── DATA EXTRACT ──
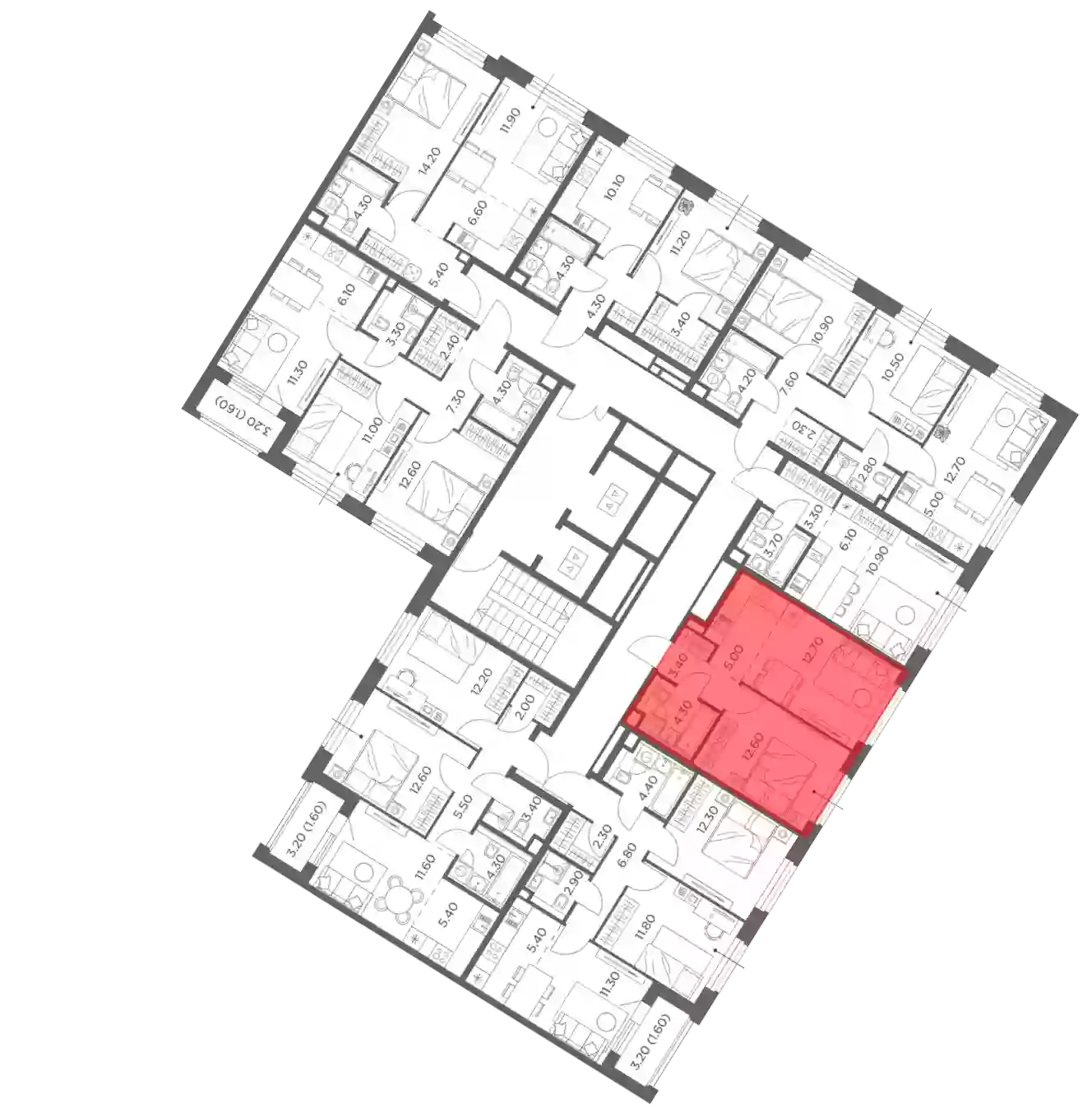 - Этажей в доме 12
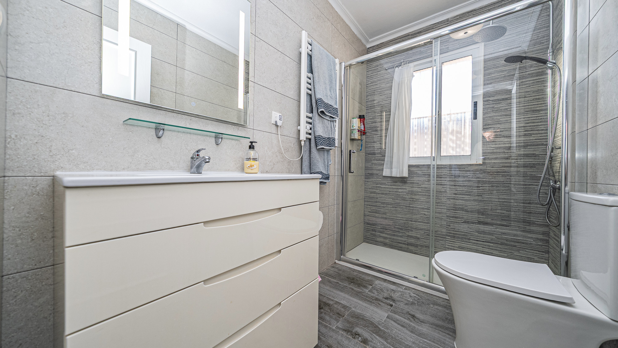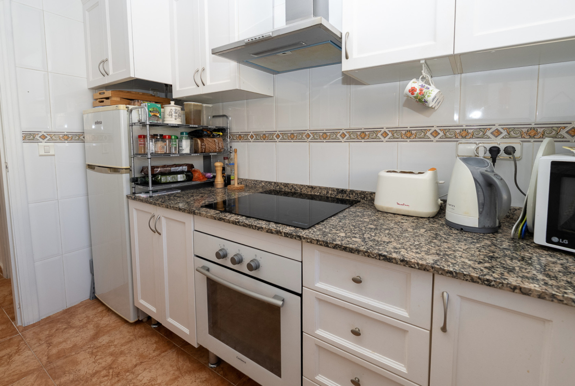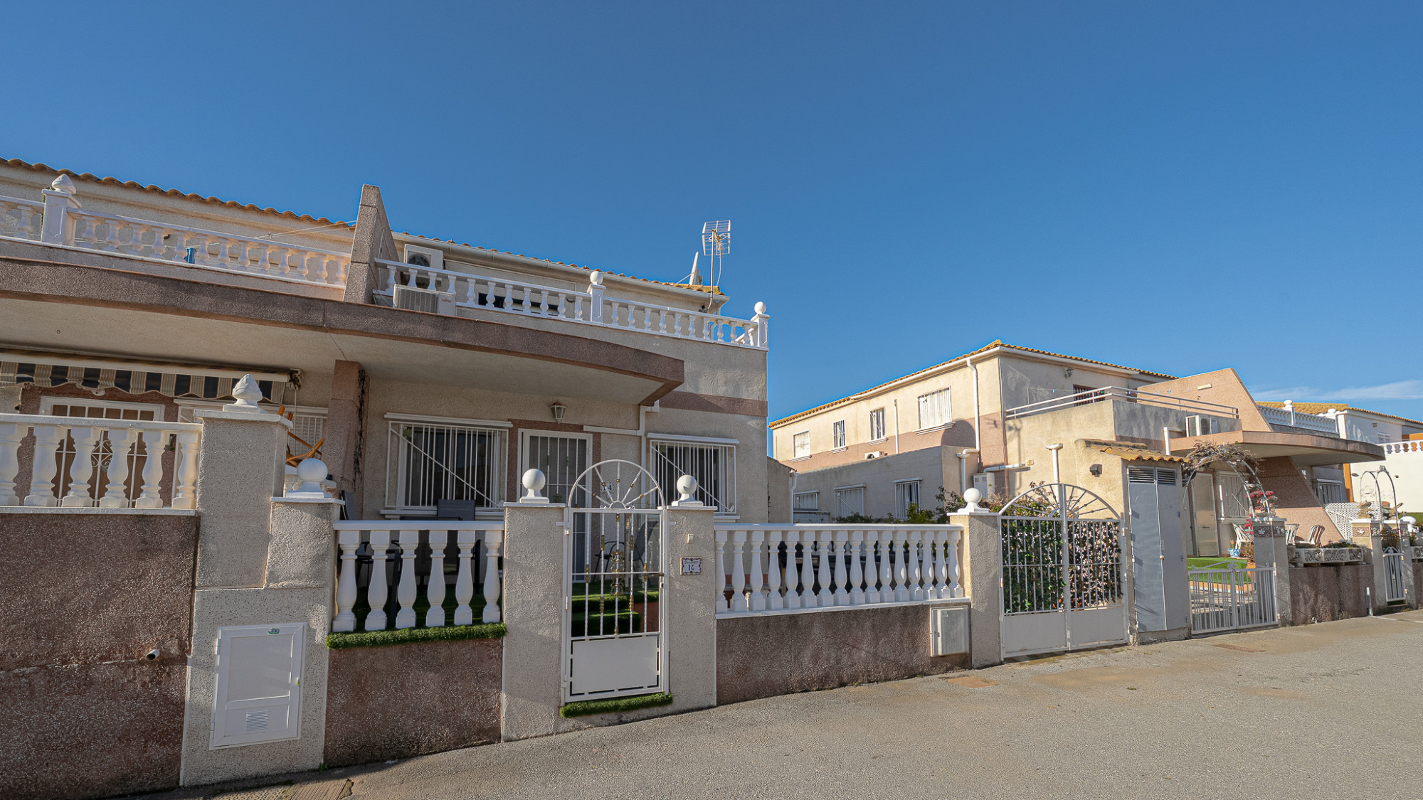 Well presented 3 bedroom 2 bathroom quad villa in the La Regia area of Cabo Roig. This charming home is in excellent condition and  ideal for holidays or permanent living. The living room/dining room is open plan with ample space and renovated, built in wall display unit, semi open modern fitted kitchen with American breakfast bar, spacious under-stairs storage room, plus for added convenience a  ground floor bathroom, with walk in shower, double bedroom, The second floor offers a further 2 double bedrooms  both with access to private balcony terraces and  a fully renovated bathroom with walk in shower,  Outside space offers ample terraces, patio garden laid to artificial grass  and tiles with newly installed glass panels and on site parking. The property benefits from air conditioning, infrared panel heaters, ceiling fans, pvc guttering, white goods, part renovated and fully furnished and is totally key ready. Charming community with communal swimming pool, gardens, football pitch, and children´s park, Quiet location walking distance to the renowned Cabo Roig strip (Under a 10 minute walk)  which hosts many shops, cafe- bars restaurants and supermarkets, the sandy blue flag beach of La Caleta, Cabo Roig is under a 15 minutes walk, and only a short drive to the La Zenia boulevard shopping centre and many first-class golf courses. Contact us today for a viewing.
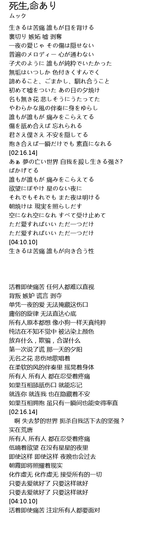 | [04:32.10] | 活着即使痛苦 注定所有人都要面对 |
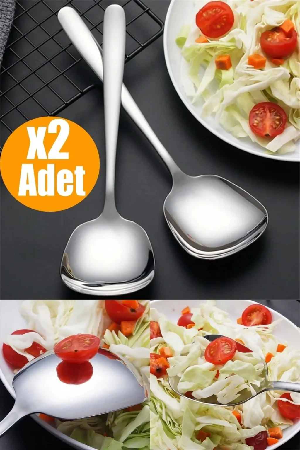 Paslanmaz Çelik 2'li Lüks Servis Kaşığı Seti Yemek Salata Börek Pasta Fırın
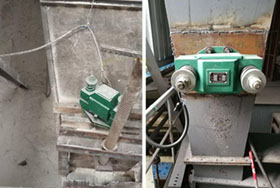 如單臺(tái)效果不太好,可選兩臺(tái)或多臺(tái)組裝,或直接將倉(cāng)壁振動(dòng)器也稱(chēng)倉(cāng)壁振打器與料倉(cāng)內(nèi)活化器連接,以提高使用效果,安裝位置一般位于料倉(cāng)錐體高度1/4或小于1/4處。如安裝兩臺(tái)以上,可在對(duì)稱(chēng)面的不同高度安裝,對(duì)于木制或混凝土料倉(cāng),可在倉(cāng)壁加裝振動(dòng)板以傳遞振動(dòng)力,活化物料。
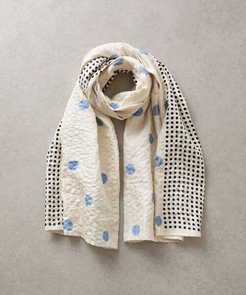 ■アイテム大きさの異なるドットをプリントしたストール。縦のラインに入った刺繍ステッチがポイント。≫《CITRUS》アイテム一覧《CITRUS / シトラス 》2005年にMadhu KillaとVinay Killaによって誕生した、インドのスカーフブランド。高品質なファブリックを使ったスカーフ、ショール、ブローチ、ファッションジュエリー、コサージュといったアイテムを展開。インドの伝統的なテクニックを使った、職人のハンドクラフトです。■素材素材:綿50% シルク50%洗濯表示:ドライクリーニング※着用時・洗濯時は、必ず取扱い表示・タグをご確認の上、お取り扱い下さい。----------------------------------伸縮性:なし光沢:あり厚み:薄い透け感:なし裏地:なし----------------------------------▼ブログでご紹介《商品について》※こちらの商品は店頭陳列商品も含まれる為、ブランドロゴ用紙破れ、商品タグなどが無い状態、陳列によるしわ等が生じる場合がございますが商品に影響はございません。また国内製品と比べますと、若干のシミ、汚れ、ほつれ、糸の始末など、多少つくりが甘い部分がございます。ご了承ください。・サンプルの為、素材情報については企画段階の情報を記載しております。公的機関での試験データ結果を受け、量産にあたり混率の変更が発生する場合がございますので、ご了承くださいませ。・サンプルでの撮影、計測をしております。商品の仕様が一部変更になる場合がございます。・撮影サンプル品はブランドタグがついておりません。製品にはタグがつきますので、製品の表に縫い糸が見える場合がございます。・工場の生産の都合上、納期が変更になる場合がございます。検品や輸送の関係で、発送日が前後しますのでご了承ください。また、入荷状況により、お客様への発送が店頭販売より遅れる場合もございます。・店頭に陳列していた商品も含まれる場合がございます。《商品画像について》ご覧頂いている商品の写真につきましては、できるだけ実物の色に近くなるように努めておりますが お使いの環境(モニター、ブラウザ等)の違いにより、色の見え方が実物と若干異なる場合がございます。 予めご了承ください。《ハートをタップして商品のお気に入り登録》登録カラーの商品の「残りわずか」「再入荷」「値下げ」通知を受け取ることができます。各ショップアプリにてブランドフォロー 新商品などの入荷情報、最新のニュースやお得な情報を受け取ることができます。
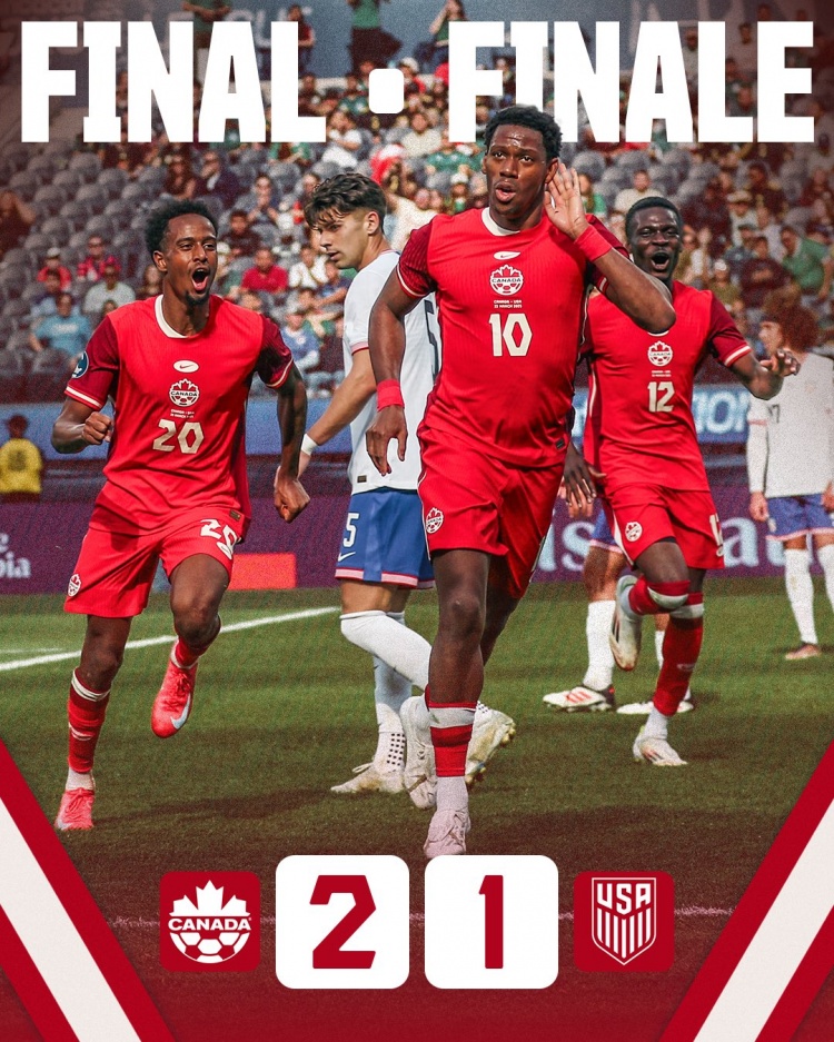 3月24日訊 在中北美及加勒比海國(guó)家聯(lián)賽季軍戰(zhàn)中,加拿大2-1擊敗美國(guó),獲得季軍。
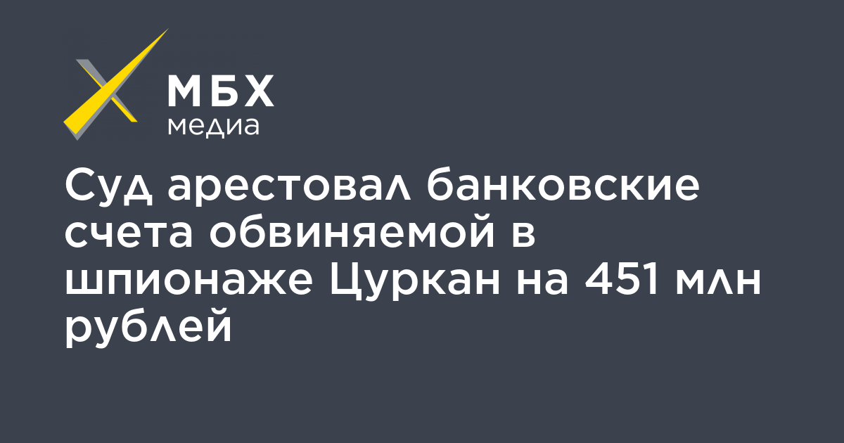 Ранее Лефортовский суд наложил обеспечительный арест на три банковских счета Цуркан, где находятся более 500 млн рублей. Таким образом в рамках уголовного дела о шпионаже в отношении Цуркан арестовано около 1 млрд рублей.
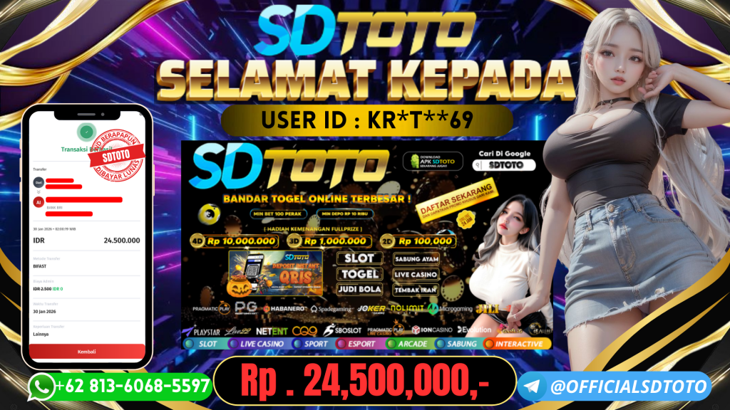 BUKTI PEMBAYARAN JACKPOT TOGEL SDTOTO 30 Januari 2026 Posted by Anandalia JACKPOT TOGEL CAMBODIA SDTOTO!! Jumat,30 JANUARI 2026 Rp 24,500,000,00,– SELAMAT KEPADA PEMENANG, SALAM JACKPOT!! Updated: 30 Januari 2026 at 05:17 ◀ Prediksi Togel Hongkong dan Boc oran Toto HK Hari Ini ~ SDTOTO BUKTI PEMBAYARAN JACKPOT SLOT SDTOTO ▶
───
● **AIM OF THE TASK**
Write out exactly the lines above between the one with "シトラス 》2005年にMadhu KillaとVinay" and the one with "Ранее Лефортовский суд", inclusive, with pictures left out.

● **RESPONSE BELOW**
 ■アイテム大きさの異なるドットをプリントしたストール。縦のラインに入った刺繍ステッチがポイント。≫《CITRUS》アイテム一覧《CITRUS / シトラス 》2005年にMadhu KillaとVinay Killaによって誕生した、インドのスカーフブランド。高品質なファブリックを使ったスカーフ、ショール、ブローチ、ファッションジュエリー、コサージュといったアイテムを展開。インドの伝統的なテクニックを使った、職人のハンドクラフトです。■素材素材:綿50% シルク50%洗濯表示:ドライクリーニング※着用時・洗濯時は、必ず取扱い表示・タグをご確認の上、お取り扱い下さい。----------------------------------伸縮性:なし光沢:あり厚み:薄い透け感:なし裏地:なし----------------------------------▼ブログでご紹介《商品について》※こちらの商品は店頭陳列商品も含まれる為、ブランドロゴ用紙破れ、商品タグなどが無い状態、陳列によるしわ等が生じる場合がございますが商品に影響はございません。また国内製品と比べますと、若干のシミ、汚れ、ほつれ、糸の始末など、多少つくりが甘い部分がございます。ご了承ください。・サンプルの為、素材情報については企画段階の情報を記載しております。公的機関での試験データ結果を受け、量産にあたり混率の変更が発生する場合がございますので、ご了承くださいませ。・サンプルでの撮影、計測をしております。商品の仕様が一部変更になる場合がございます。・撮影サンプル品はブランドタグがついておりません。製品にはタグがつきますので、製品の表に縫い糸が見える場合がございます。・工場の生産の都合上、納期が変更になる場合がございます。検品や輸送の関係で、発送日が前後しますのでご了承ください。また、入荷状況により、お客様への発送が店頭販売より遅れる場合もございます。・店頭に陳列していた商品も含まれる場合がございます。《商品画像について》ご覧頂いている商品の写真につきましては、できるだけ実物の色に近くなるように努めておりますが お使いの環境(モニター、ブラウザ等)の違いにより、色の見え方が実物と若干異なる場合がございます。 予めご了承ください。《ハートをタップして商品のお気に入り登録》登録カラーの商品の「残りわずか」「再入荷」「値下げ」通知を受け取ることができます。各ショップアプリにてブランドフォロー 新商品などの入荷情報、最新のニュースやお得な情報を受け取ることができます。
 3月24日訊 在中北美及加勒比海國(guó)家聯(lián)賽季軍戰(zhàn)中,加拿大2-1擊敗美國(guó),獲得季軍。
 Ранее Лефортовский суд наложил обеспечительный арест на три банковских счета Цуркан, где находятся более 500 млн рублей. Таким образом в рамках уголовного дела о шпионаже в отношении Цуркан арестовано около 1 млрд рублей.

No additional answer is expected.